## Material for this task

Start of Block

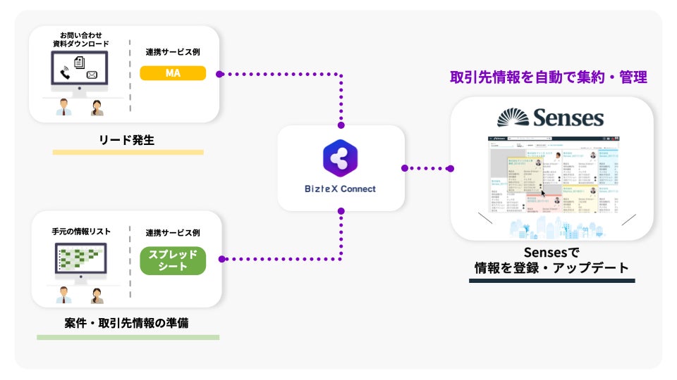 今回リリースしたAPI連携コネクタによって、「BizteX Connect」が既に連携している各SaaSの情報をクラウド営業支援ツール「Senses」に対して自動で登録することが可能になります。
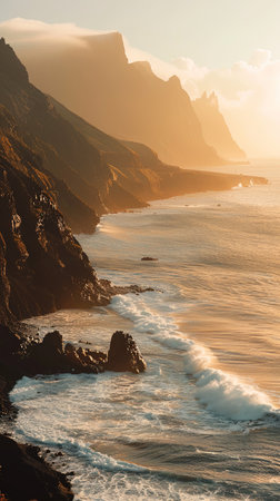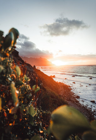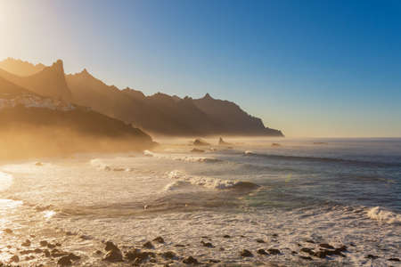 Beautiful view of rocky beach and cliff along North Tenerife coast at sunset. Atlantic wavy ocean with golden sun in Canary Islands.
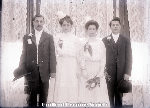 2 couples. The men are in suits. The 2 women have corsages of ferns and one holding more ferns
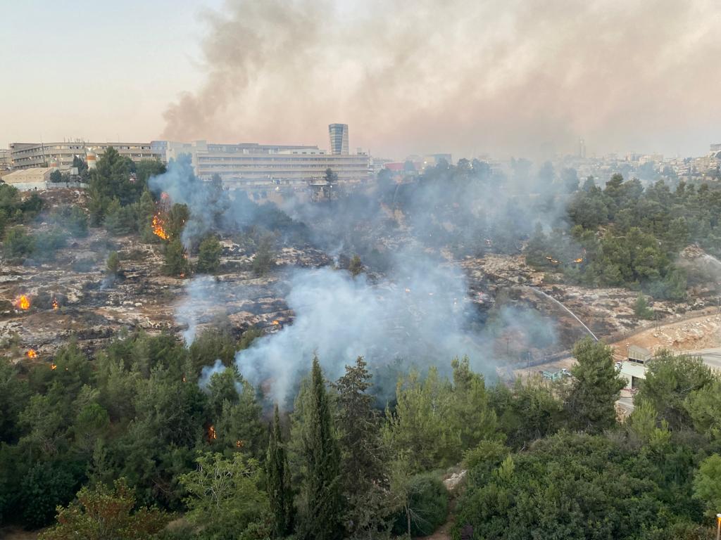מטוסי כיבוי חגים באוויר והעשן הכבד עוטף את הכניסה לירושלים.
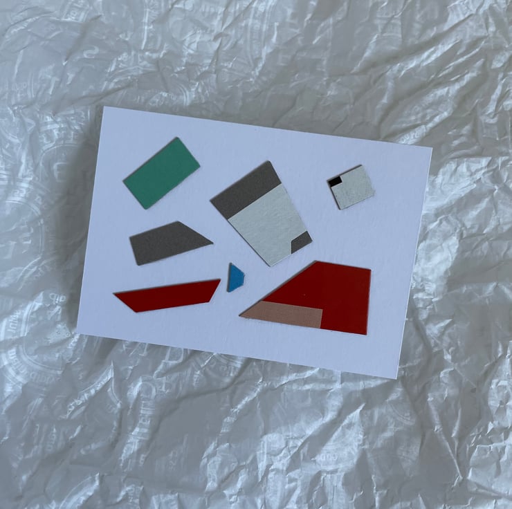 Materials: white card 300gsm; water-based glue; upcycled colour-printed card
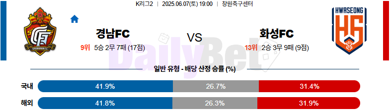 ✅ 흐름상 화성이 우세 전개 이어가며 실점 가능성 높은 경남 수비 흔들릴 전망

End of Block

## Your assignment
Repeat the entries verbatim; no pictures.

## Your solution
 今回リリースしたAPI連携コネクタによって、「BizteX Connect」が既に連携している各SaaSの情報をクラウド営業支援ツール「Senses」に対して自動で登録することが可能になります。
 Beautiful view of rocky beach and cliff along North Tenerife coast at sunset. Atlantic wavy ocean with golden sun in Canary Islands.
 2 couples. The men are in suits. The 2 women have corsages of ferns and one holding more ferns
מטוסי כיבוי חגים באוויר והעשן הכבד עוטף את הכניסה לירושלים.
 Materials: white card 300gsm; water-based glue; upcycled colour-printed card
 ✅ 흐름상 화성이 우세 전개 이어가며 실점 가능성 높은 경남 수비 흔들릴 전망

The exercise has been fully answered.